What the task requires:
Where the data below shows a picture, leave that picture out and copy the rest exactly.

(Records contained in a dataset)

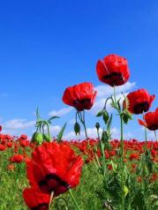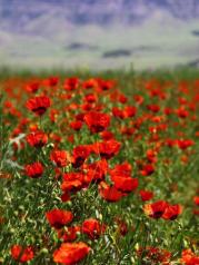 天山天池的红花每年5月份底开放,鲜红欲滴的天山红花开得火红浪漫!天山红花生长在天山缓坡草甸中的野生植物,是初夏一大靓丽景观,盛花季节,天山红花花开红红火火,形成红花的海洋。
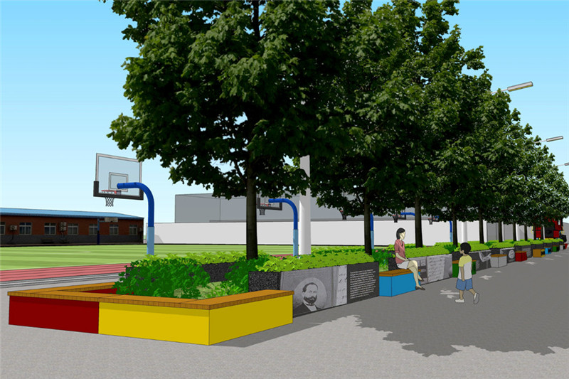 在許多學校,通過植被和其他設施的設計,使圍墻具有宜人的環境,成為學生課后的好去處,具有促進交流提高校園生活質量的作用。
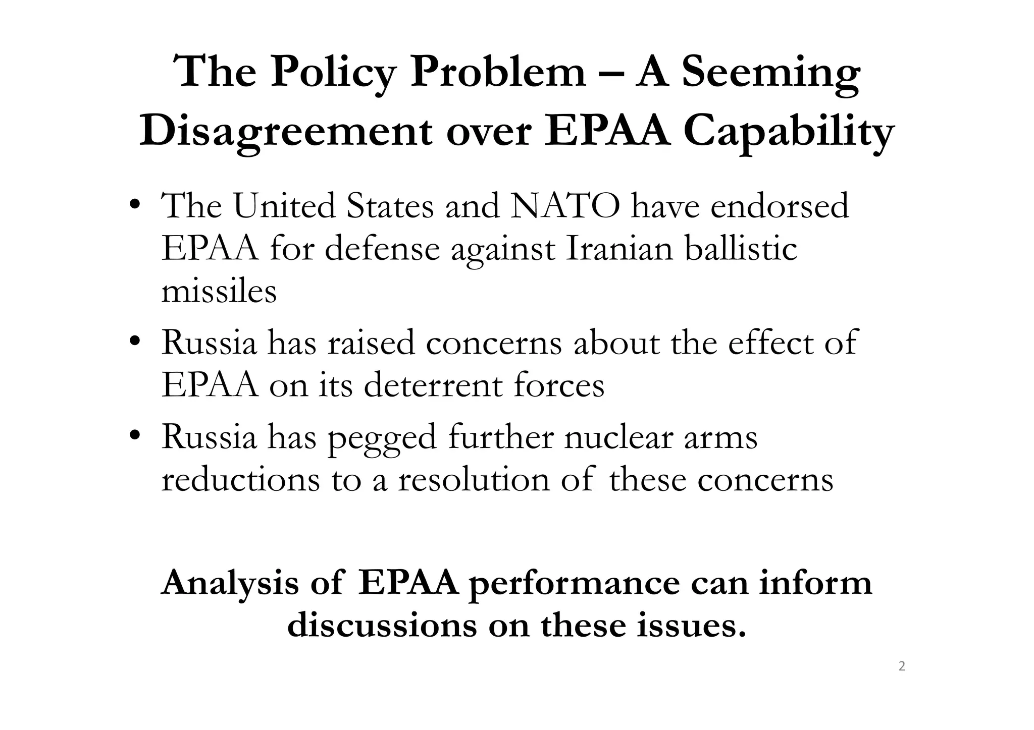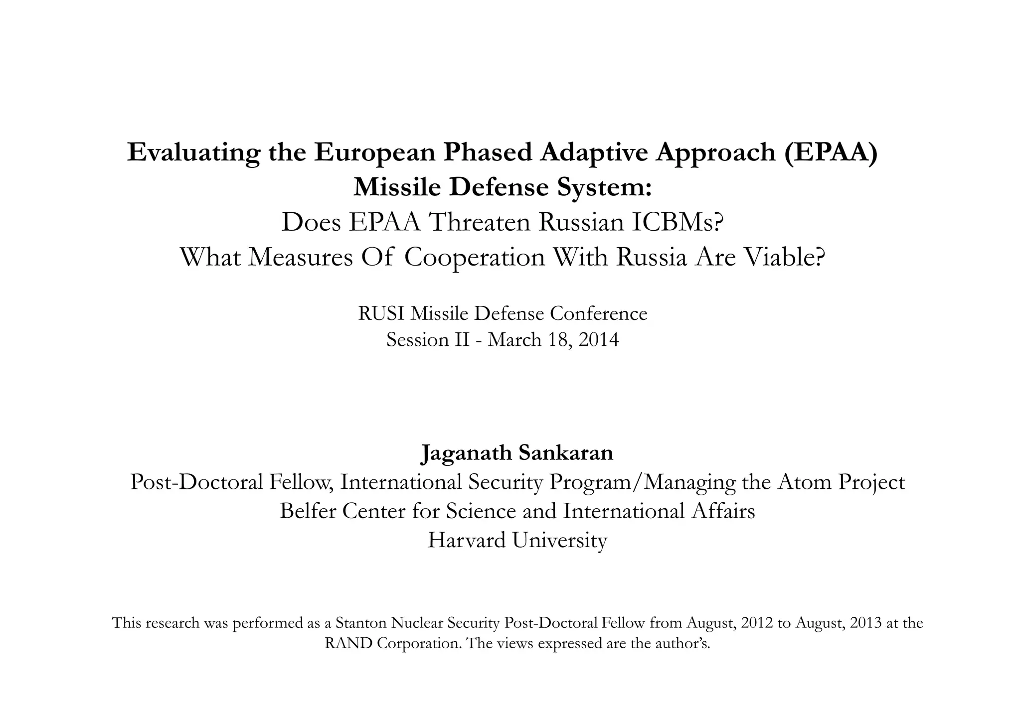 The document evaluates the European Phased Adaptive Approach (EPAA) missile defense system, particularly whether it threatens Russian intercontinental ballistic missiles (ICBMs). Analysis indicates that the currently planned interceptors under EPAA lack the capability to effectively defend against Russian ICBMs, especially after the cancellation of the SM-3 Block IIB interceptor. Additionally, it discusses potential avenues for cooperation between NATO and Russia in missile defense matters.
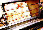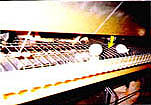 - 每層雞籠之底部前面,即蛋快要滾到輸蛋皮帶之地方,有一條鐵絲阻擋一下雞蛋的滾動,減緩其衝力,據說可以減少雞蛋的破損。
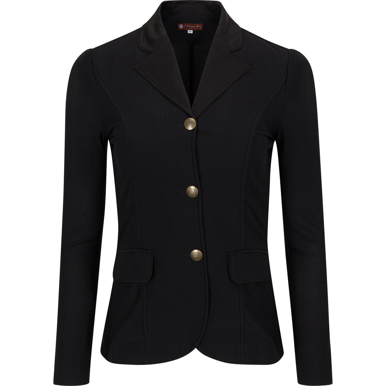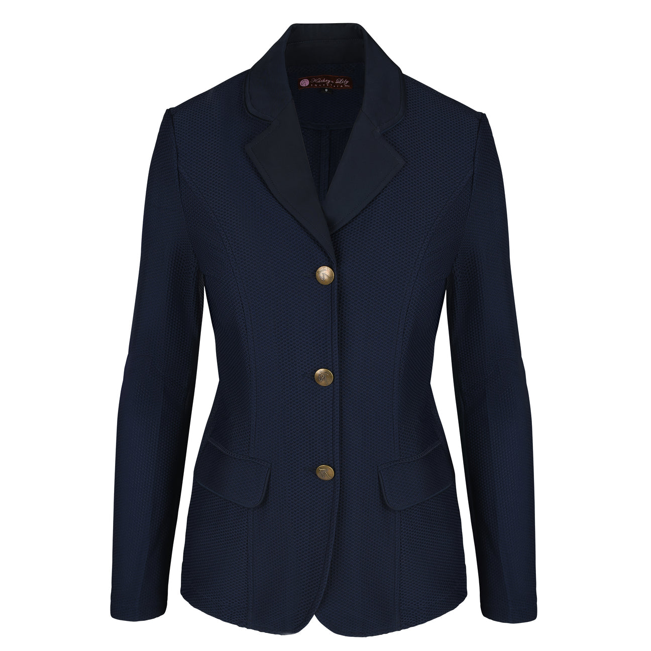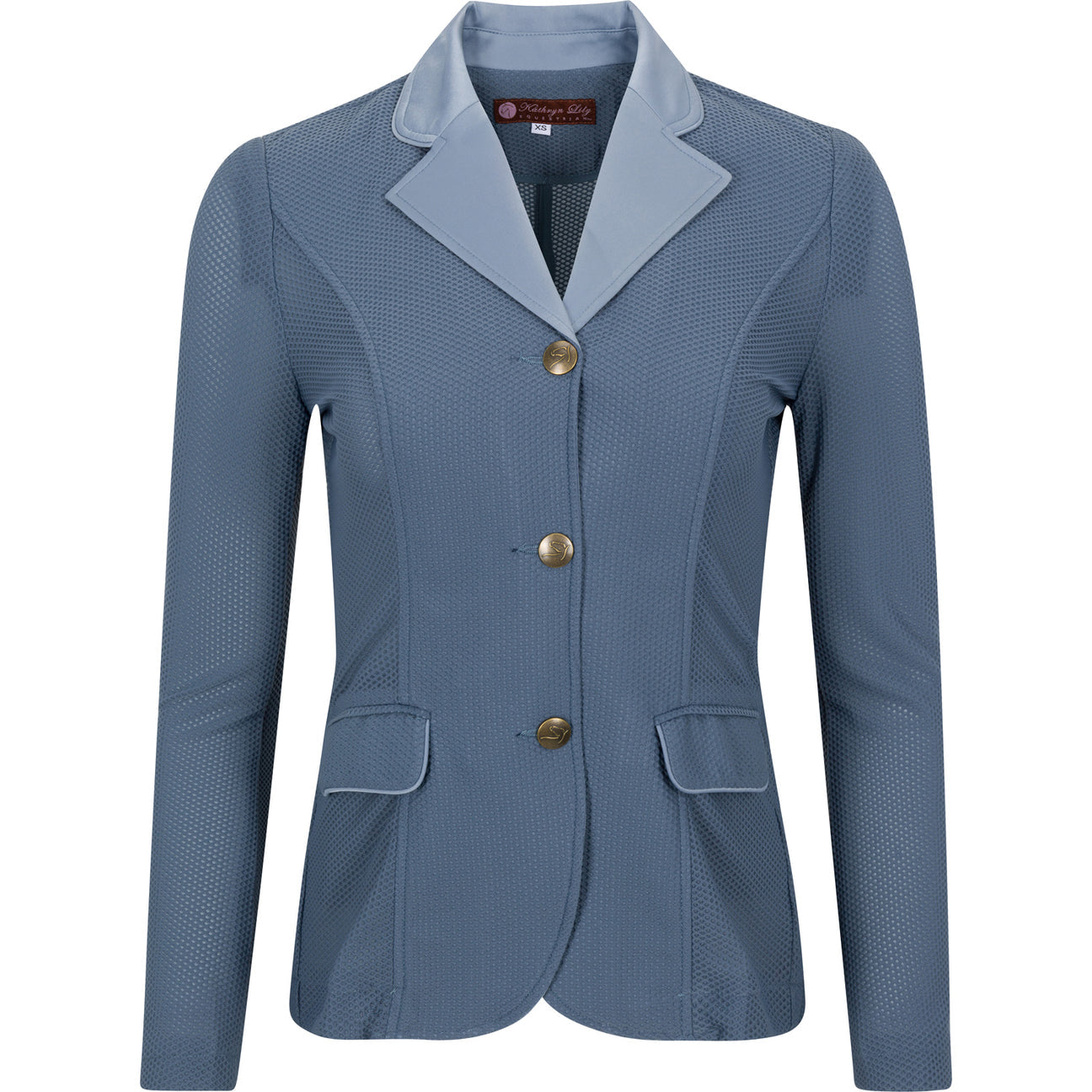 Jacket features custom horse head logo buttons, hidden inner
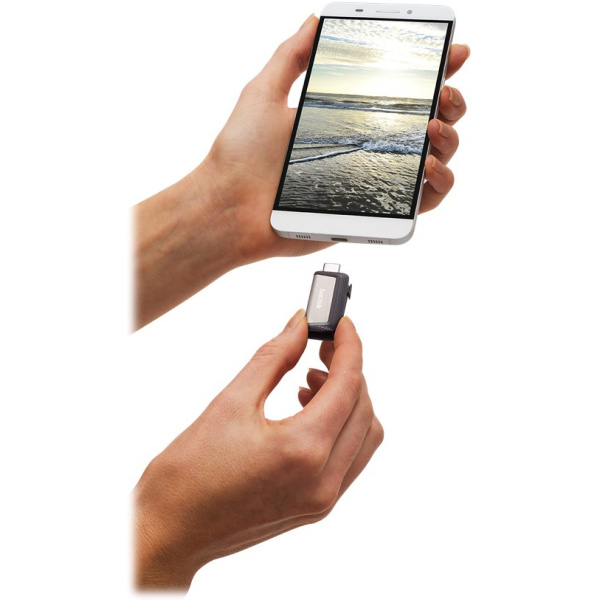 Med dubbla kontakter ger SanDisk Ultra Dual Drive USB Type-C dig möjlighet att frigöra utrymme på din smartphone eller surfplatta eller överföra filer mellan flera enheter, oavsett om den har en USB Type-C-port eller den traditionella USB Type-A-porten.
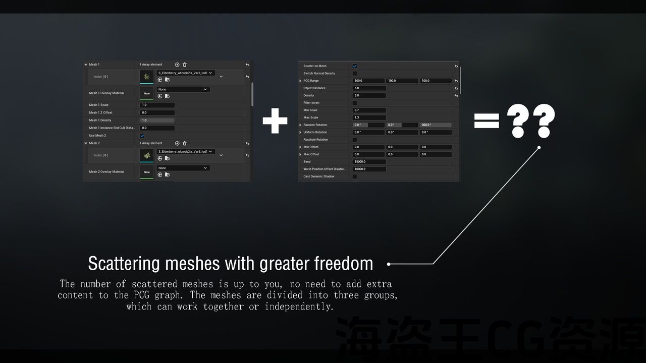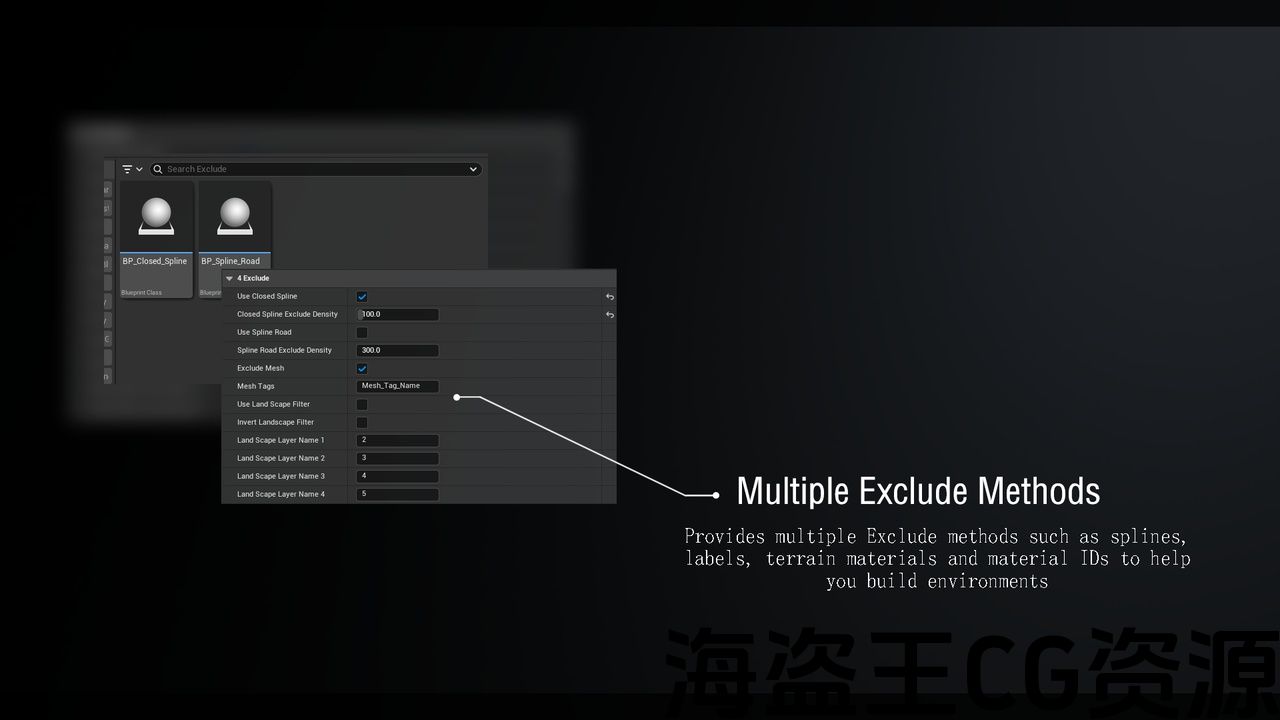 • Contains PCG blueprints that can be projected onto terrain or meshes and automatically adapted
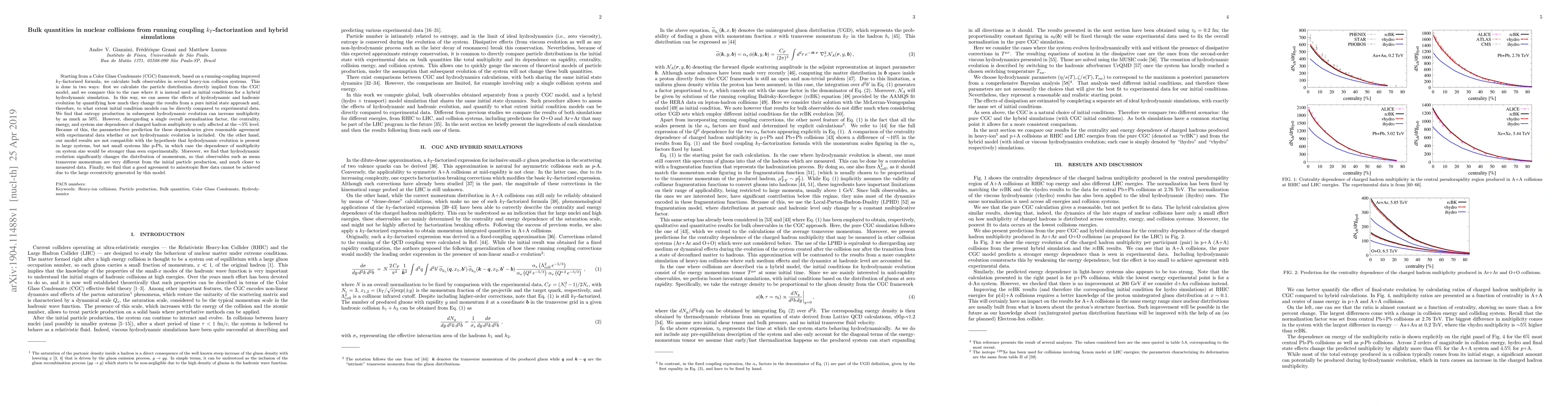 This paper uses a running-coupling improved $k_T$-factorization approach within the Color Glass Condensate framework to calculate bulk observables in heavy-ion collisions, comparing direct CGC predictions to hybrid hydrodynamic simulations. It finds that hydrodynamic evolution significantly alters momentum distributions and multiplicities, yet centrality, energy, and system size dependencies remain consistent at the 5% level, providing reasonable agreement with experimental data despite the absence of hydrodynamic evolution in small systems.

Solution to the problem:
 天山天池的红花每年5月份底开放,鲜红欲滴的天山红花开得火红浪漫!天山红花生长在天山缓坡草甸中的野生植物,是初夏一大靓丽景观,盛花季节,天山红花花开红红火火,形成红花的海洋。
 在許多學校,通過植被和其他設施的設計,使圍墻具有宜人的環境,成為學生課后的好去處,具有促進交流提高校園生活質量的作用。
 The document evaluates the European Phased Adaptive Approach (EPAA) missile defense system, particularly whether it threatens Russian intercontinental ballistic missiles (ICBMs). Analysis indicates that the currently planned interceptors under EPAA lack the capability to effectively defend against Russian ICBMs, especially after the cancellation of the SM-3 Block IIB interceptor. Additionally, it discusses potential avenues for cooperation between NATO and Russia in missile defense matters.
 - 每層雞籠之底部前面,即蛋快要滾到輸蛋皮帶之地方,有一條鐵絲阻擋一下雞蛋的滾動,減緩其衝力,據說可以減少雞蛋的破損。
 Jacket features custom horse head logo buttons, hidden inner
 Med dubbla kontakter ger SanDisk Ultra Dual Drive USB Type-C dig möjlighet att frigöra utrymme på din smartphone eller surfplatta eller överföra filer mellan flera enheter, oavsett om den har en USB Type-C-port eller den traditionella USB Type-A-porten.
 • Contains PCG blueprints that can be projected onto terrain or meshes and automatically adapted
 This paper uses a running-coupling improved $k_T$-factorization approach within the Color Glass Condensate framework to calculate bulk observables in heavy-ion collisions, comparing direct CGC predictions to hybrid hydrodynamic simulations. It finds that hydrodynamic evolution significantly alters momentum distributions and multiplicities, yet centrality, energy, and system size dependencies remain consistent at the 5% level, providing reasonable agreement with experimental data despite the absence of hydrodynamic evolution in small systems.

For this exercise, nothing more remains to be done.